Si Rase Kumala Bab 20 : Kekecewaan Terhadap Engkong

20. Kekecewaan Terhadap Engkong

Tempo berjalan amat cepat sekali. Rasanya hanya dalam beberapa kejap saja dan sang musim rontok sudah menyerahkan tugasnya pada musim dingin. Namun musim dingin itupun tak kuasa mengganggu pemandangan indah permai dari lembah Liu-hun-hiap.

Memang Siau Ih bergirang atas rejeki Tan Wan yang diterima menjadi murid engkongnya itu. Tapi dia sendiri sebaliknya merasa sebal memikirkan nasibnya.

Bagi seorang pemuda yang biasanya hidup dalam alam kebebasan, tentu merasa jemu disekap dalam sebuah tahanan berupa pondok Jui-hun-lou itu. Lebih-lebih pelajaran yang diberikan oleh engkongnya itu, adalah terdiri dari pelajaran kitab kerokhanian yang sukar ditelaah.

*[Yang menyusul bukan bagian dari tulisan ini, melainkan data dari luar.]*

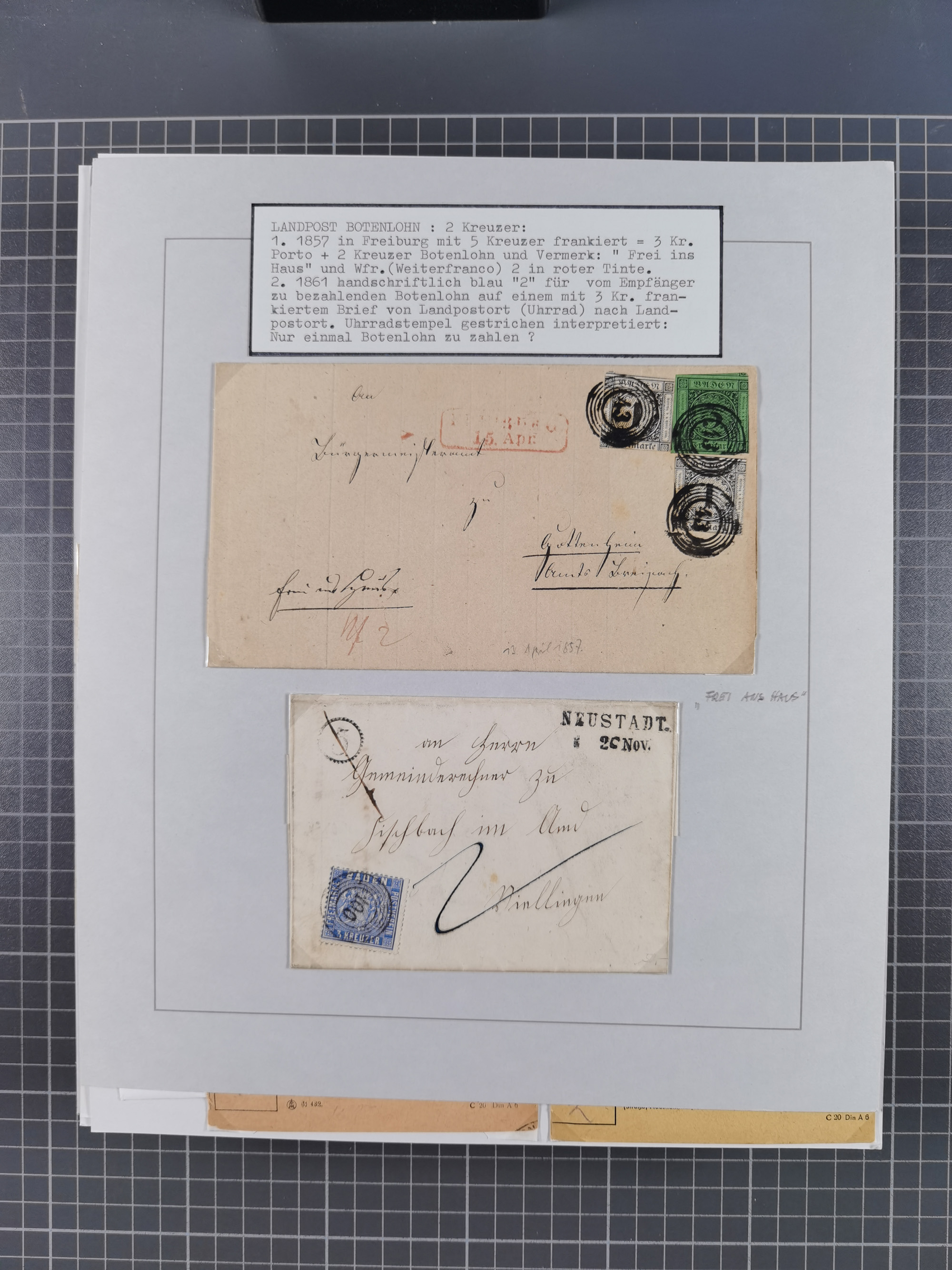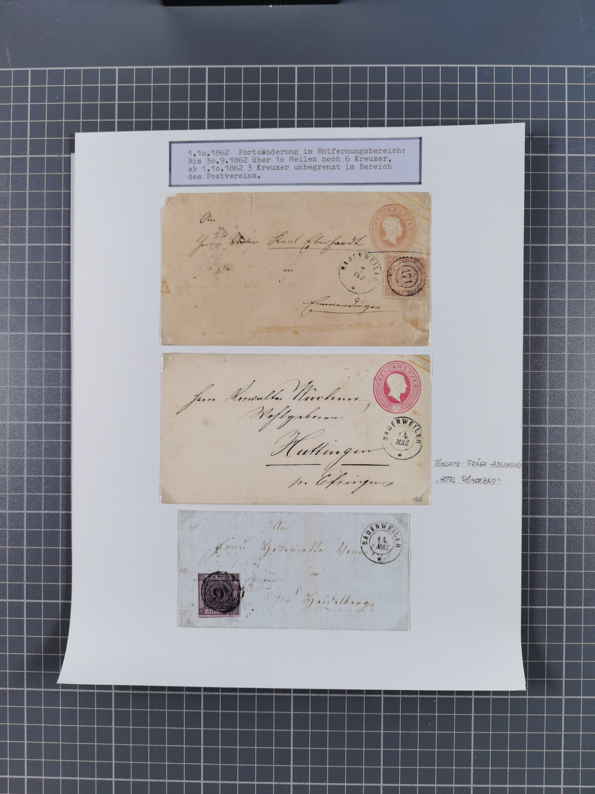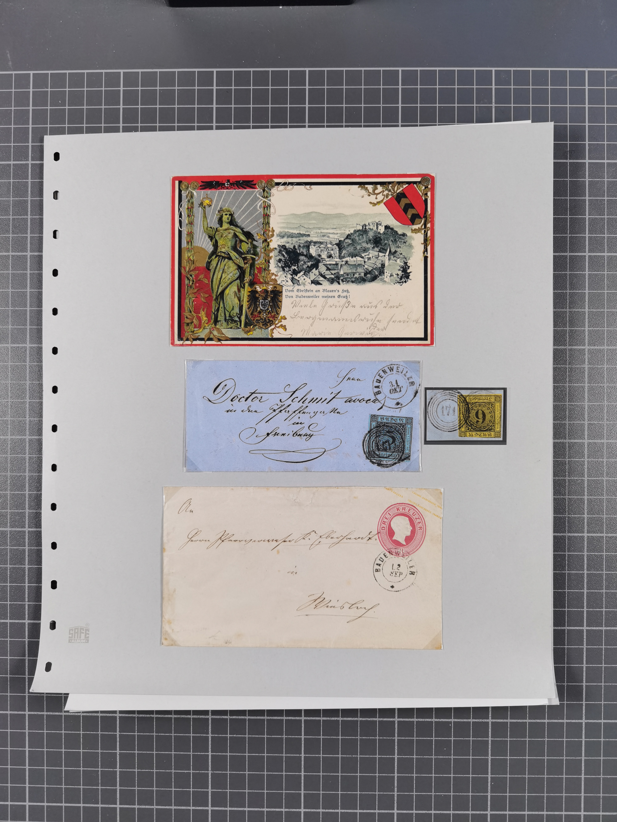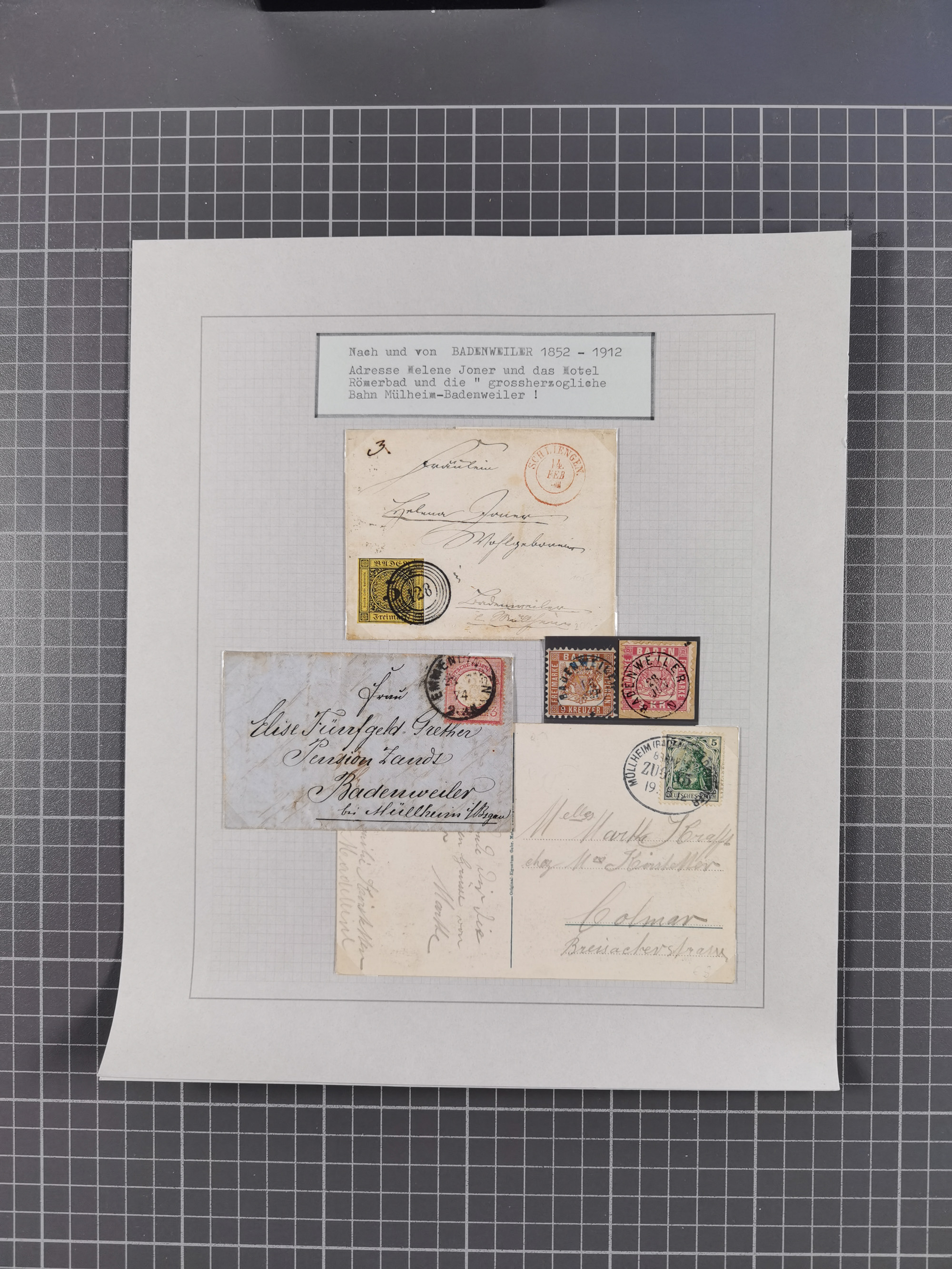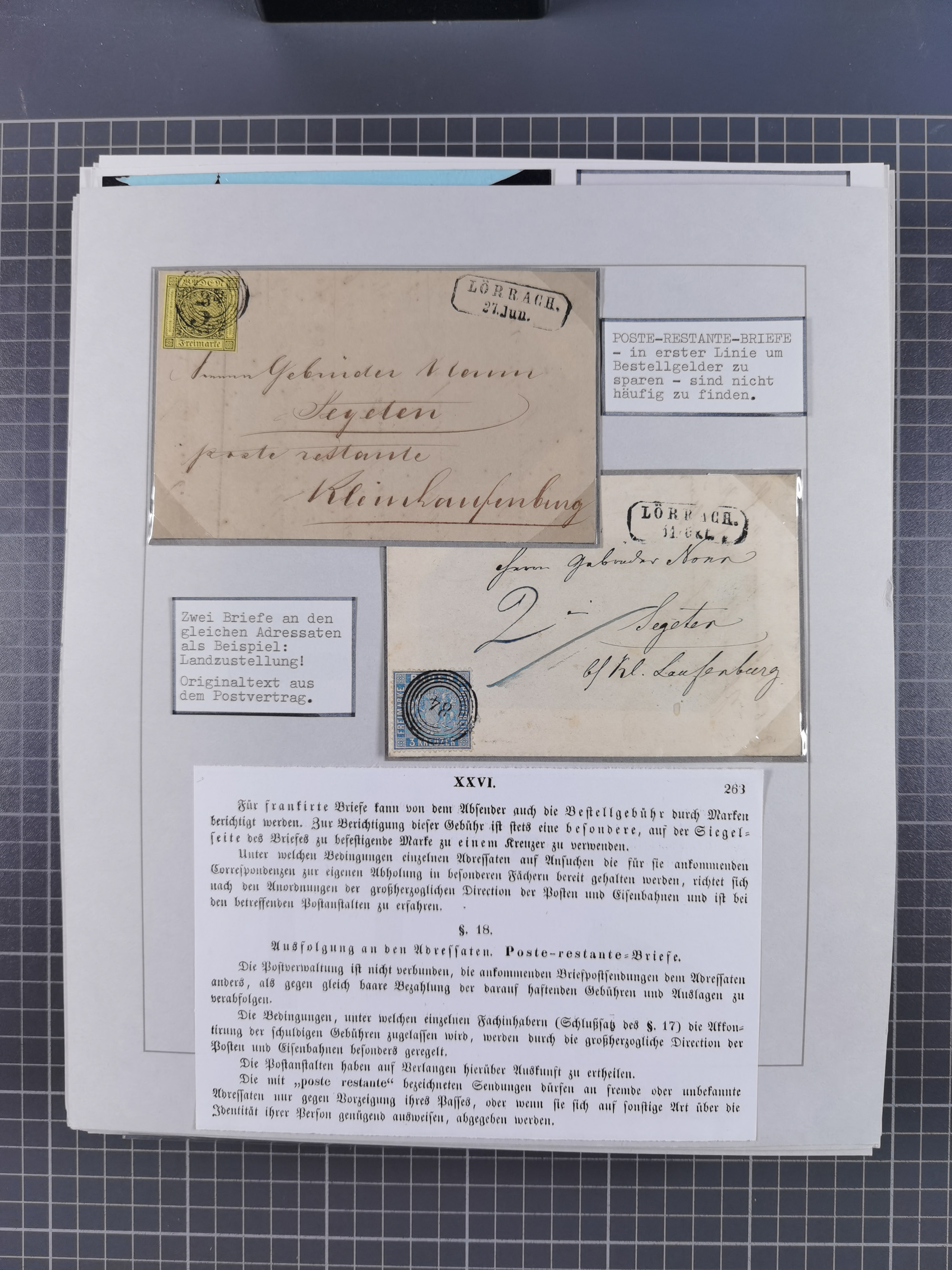 1800/1970 (ca.), HEIMATGESCHICHTE BADENS, umfangreiche Materialsammlung, teils ausstellungsmäßig aufgezogen, mit einigen hundert Briefen und Ganzsachen, dabei Nummern- und Ortsstempel, viele Lithos, Grenzrayon-Belege, Notgeld, Reisescheine, Baden U1 +10, etc., etc.. Ex Dr. Heinz Jaeger
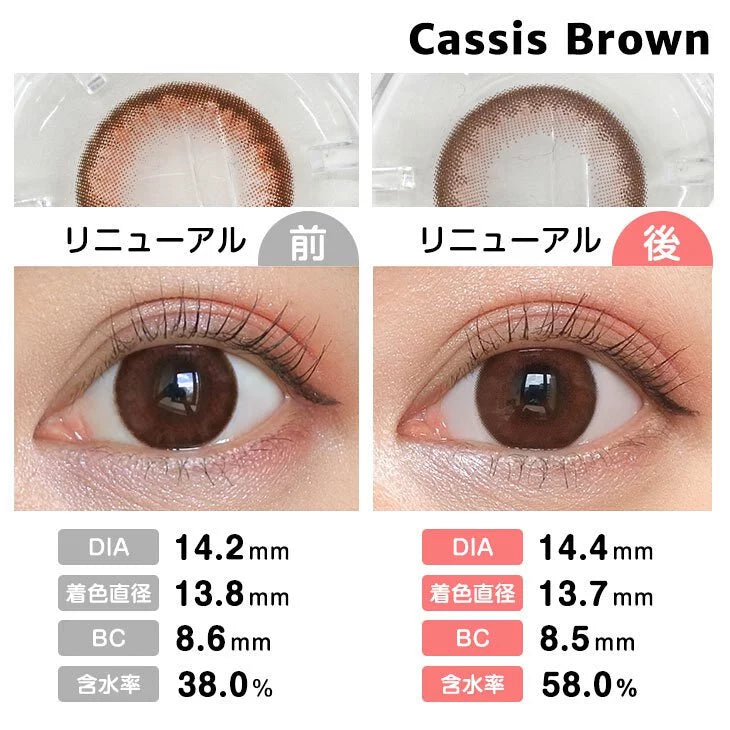 AngelColor Bambi Series 1 Day Cassis Brown 黑加侖棕 ♡♡ 赤茶小鹿眼!/預訂時間7-14工作日 AngelColor Bambi Series由日本時尚教主益若翼親自監製,#Cassis Brown帶有一種熟透果實般的紅潤色調♥︎ 產品介紹♡ 🫐#Cassic Brown:能提升女人味的秘密武器? 它是一款極具色彩美學的款式,最迷人之處在於基調中揉合了微醺的黑加侖紫紅與暖朱古力棕,呈現出層次豐富的赤茶色調,外圈採用了Bambi系列標誌性的黑環設計,製造出小鹿般圓潤無辜的視覺效果✦ 最內層隱約透出極細碎的高光點,在這層果實色上呈現出通透的糖漿感,然後眼神會散發出一種嫵媚而溫柔的氣息✧ 顯色度:★★★★☆ (紅棕色調在深瞳上顯色度極佳,極具辨識度) 風格:微醺風、無辜小鹿眼、甜美系 建議妝容:楓葉紅棕色系眼妝 |

Ditambah pula Shin-tok Liong yang diwajibkan mengurus kepentingannya itu, bersikap dingin sekali. Kecuali tiap hari membersihkan ruangan pondok, menyediakan makanan dan mengantarkan bahan pelajaran dari si Rase Kumala, sepatahpun Shin-tok Liong itu tak mau ngajak Siau Ih bicara.

Bermula Siau Ih masih mengharap pemuda itu dapat diajak bercakap-cakap barang sebentar untuk melepas kesepian, tapi tiap kali dia membuka mulut, tentu Shin-tok Liong cepat-cepat menyahut masih ada lain kerjaan atau dinanti oleh majikannya si Rase Kumala. Lama kelamaan Siau Ih merasa bahwa pemuda itu memang sengaja hendak menyingkir. Sudah tentu dalam hal itu, karena di perintah oleh engkongnya. Akhirnya Siau Ih pun tak mau menegur sapa lagi kepada Shin-tok Liong. Dengan begitu rasa kesepiannya pun makin besar.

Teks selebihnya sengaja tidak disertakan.